Local Wood Local Good
Local Wood
Local Good

Wisdom of Arborist

  • Never cut on a breezy day
  • It is easier to cut up a fallen tree if you do it when the leaves are missing
  • Grab the chain saw handle with an encircling thumb on your right hand and never release it during a cut.
  • Stay away from hollowed-out trees, especially if they’re big. They are extremely unpredictable and dangerous to fell.
  • Gas up the saw before beginning a cut. Never run out of gas halfway through a cut.
  • Once you start working, don’t stop until the tree is down. You don’t want the tree to fall while you’re taking a break.
What does an arborist wear??? Safety Gear!

Safety isn’t a throwaway word when it comes to felling trees and running chain saws.

You must take it seriously. There are a few absolutely essential safety gear items you need to wear for any chain saw work.

Loggers helmet: The helmet protects you from falling branches, a major cause of logging injuries. Earmuffs and a face screen protect your ears and eyes. Safety glasses keep the dust out—you don’t want something in your eye in the middle of dropping a 4-ft.-diameter cottonwood.

Kevlar chaps: Kevlar fibers will stop a chain instantly should you happen to drop the bar against your leg. It’s the best logging safety device developed in the past 30 years, and it’s a rare (and foolish) pro that doesn’t wear them.

Felling wedges: These wedges will prevent your saw from getting pinched during a cut.

Planning the cut or how to fell a tree

#1- Estimate the fell zone. Trees are taller than you think and reach farther on the ground than you’d expect (maybe all the way to your shed). You can estimate where a tree will fall by using the “ax handle trick.” Hold an ax handle at arm’s length, close one eye, and back away from or move toward the tree until the top of the ax is even with the treetop and the bottom even with the base. Your feet should be about where the treetop will rest after falling. It’s just an estimate, though, so allow extra room if there’s something it might fall on!

#2 Clear a cutting zone.

Even when you’re sure which way the tree is going to fall, you’re still not ready to fell it. Cut away any brush around the trunk and clear two escape routes on the “non-falling” side of the tree. They should be about 45 degrees away from each other in opposite directions. The last thing you want is to trip while walking away from a falling tree.

#3 Size up the tree

Start by studying the crown of the tree. Look for dead branches that are broken but attached, or actually broken off and supported by other branches. Don’t even think about cutting down the tree yourself if you see any danger upstairs. You’re bound to knock a branch loose and have it fall on you.
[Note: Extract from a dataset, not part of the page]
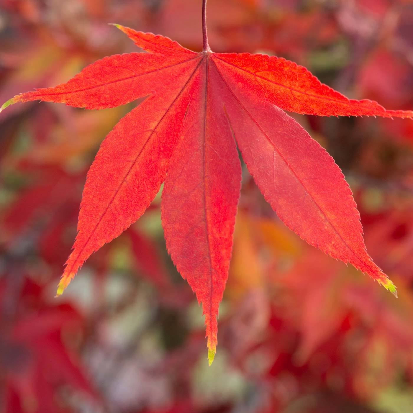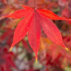 Der japanische Fächerahorn Acer palmatum ‚Osakazuki‘ ist ein 400 bis 600 Zentimetern hoher dekorativer und pflegeleichter Strauch oder Kleinbaum. Seine großen, fächerförmigen Blätter, die im Sommer kräftig grün leuchten, begeistern mit einer prachtvollen Herbstfärbung in leuchtendem Orange und Karminrot. Für außerergewöhnliche Akzente sorgen effektvolle Blütenstände und Früchte in Rot. Am besten eignet sich der Fächerahorn ‚Osakazuki‘ zur Verwendung als Solitärpflanze oder in kleinen Gruppen. Nicht zuletzt harmoniert der Acer palmatum mit fernöstlich angehauchten Gartenkonzepten. Suchen Sie für Ihren japanischen Fächerahorn einen sonnigen bis halbschattigen Standort aus, damit seine Blattfärbung gut zur Geltung kommt. Toll wirkt der Acer ‚Osakazuki‘ auch in Gruppen mit rotlaubigen Ahornsorten. Durchlässige, humose Gartenböden ohne Staunässe sind für den Acer ‚Osakazuki‘ genau richtig. Während der Trockenheit ist der Strauch regelmäßig zu gießen.

Next look at the lean and the branch loading. If it’s obviously leaning in one direction or heavily loaded with branches on one side, that’s the way it’s going to fall. Forget the myth that a pro can drop a tree on top of an empty beer can. If it’s perfectly straight and evenly loaded—maybe he’ll get close. But if it’s loaded or leaning, he won’t have a chance.

Are there any buildings, fences, power lines or other things you care about in the felling zone? If so, skip the felling and call a pro.

ENTER CALEB TURNER

arborist extraordinaire
arborist extraordinaire
Caleb Turner portrait of a tree guy
Caleb Turner portrait of a tree guy

 

Caleb Turner arrived with his crew on a very cold winter weekend to tackle the locust trees.
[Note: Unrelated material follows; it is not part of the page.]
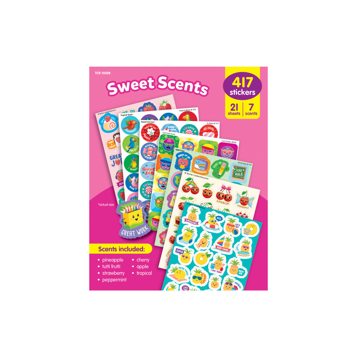 INCLUDES 417 SMELLY STICKERS: Sweeten up any learning space with these fragrant stickers. Pack includes 417 total stickers in 7 scents: pineapple, tutti frutti, strawberry, peppermint, cherry, apple, and tropical. Sticker measurements vary from about 2-1/4" to 5/8".

Caleb Turner- high up in the tree
Caleb Turner- high up in the tree
Caleb Turner with his trusty chainsaw- 80 feet high
Caleb Turner with his trusty chainsaw- 80 feet high
Caleb Turner in tree, communicating with the ground crew
Caleb Turner in tree, communicating with the ground crew
Caleb Turner on final stages of the cut before the tree falls
Caleb Turner on final stages of the cut before the tree falls
Caleb Turner, beginning the second cut
Caleb Turner, beginning the second cut


Tom Ingersoll’s
truck arrived to load up the felled trees.

Caleb Turner directing traffic when Tom Ingersoll of Ingersoll Land Care, Sheffield MA arrives on the scene
Caleb Turner directing traffic when Tom Ingersoll of Ingersoll Land Care, Sheffield MA arrives on the scene
The claw being guided by Caleb Turner
The claw being guided by Caleb Turner
Will Conklin operating the crane, removing the severed limbs
Will Conklin operating the crane, removing the severed limbs
Tom Ingersoll loading cut trees onto truck with big claw
Tom Ingersoll loading cut trees onto truck with big claw
Loading Tom Ingersoll's truck
Loading Tom Ingersoll’s truck

 

The final bite…

THE CLAW!
THE CLAW!

4 thoughts on “Felling the trees, Caleb Turner, Arborist Extraordinaire”

  1. Looks like your tree guy bucked up the tree into short pieces. Too bad he didn’t cut it into board lengths. Black locust is an awesome wood and you might’ve had some incredible boards to use on your new construction. Oh, well.

    1. I know- what a shame. Actually a lot of the wood that was cut in short pieces was cut up by the company that National grid outsourced who came and then left, leaving the job unfinished. The work that Cal and his team did was board length. Tom Ingersoll – the guy who carted it away couldn’t wait to get his hands on the wood. It is amazing how strong and resilient it is. We have a yard full of these pesty trees and will make sure that they get cut u p properly next time. This particular job was tricky due to the phone wires.
      What I didn’t include in the blog post was the sudden winter squall that came up when Cal was 80 feet high. He said he had been in pretty tenuous situations but that squall made his super scared.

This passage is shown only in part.